Martin P.G. et al. (2007). Novel aspects of PPAR-alpha-mediated regulation of lipid and xenobiotic metabolism revealed through a nutrigenomic study. Hepatology, 45(3), 767--777.

Examples

# \donttest{
## ------------------------------------------------------------
## multivariate regression forests using Mahalanobis splitting
## lipids (all real values) used as the multivariate y
## ------------------------------------------------------------

## load the data
data(nutrigenomic, package = "randomForestSRC")

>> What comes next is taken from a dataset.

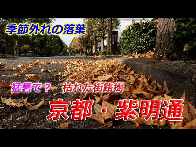 【4K動画】京都市北区の紫明通沿いにある街路樹で、季節外れの落葉が目立っている。紅葉の季節にはまだ早い中、木々には茶色に枯れた葉が目立ち、落葉が道路や歩道に広がっている。近くの住民によると、この夏の猛暑の影響からか、9月中旬から枯れ葉が目立ち始めたといい、雨樋や側溝に詰まるなどの影響も出ているという。

## parse into y and x data
ydta <- nutrigenomic$lipids
xdta <- data.frame(nutrigenomic$genes,
                   diet = nutrigenomic$diet,
                   genotype = nutrigenomic$genotype)

## multivariate mixed forest call
obj <- rfsrc(get.mv.formula(colnames(ydta)),
             data.frame(ydta, xdta),
             importance=TRUE, nsplit = 10,
             splitrule = "mahalanobis")
print(obj)

## ------------------------------------------------------------
## plot the standarized performance and VIMP values
## ------------------------------------------------------------

## acquire the error rate for each of the 21-coordinates 
## standardize to allow for comparison across coordinates
serr <- get.mv.error(obj, standardize = TRUE)

## acquire standardized VIMP 
svimp <- get.mv.vimp(obj, standardize = TRUE)

par(mfrow = c(1,2))
plot(serr, xlab = "Lipids", ylab = "Standardized Performance")
matplot(svimp, xlab = "Genes/Diet/Genotype", ylab = "Standardized VIMP")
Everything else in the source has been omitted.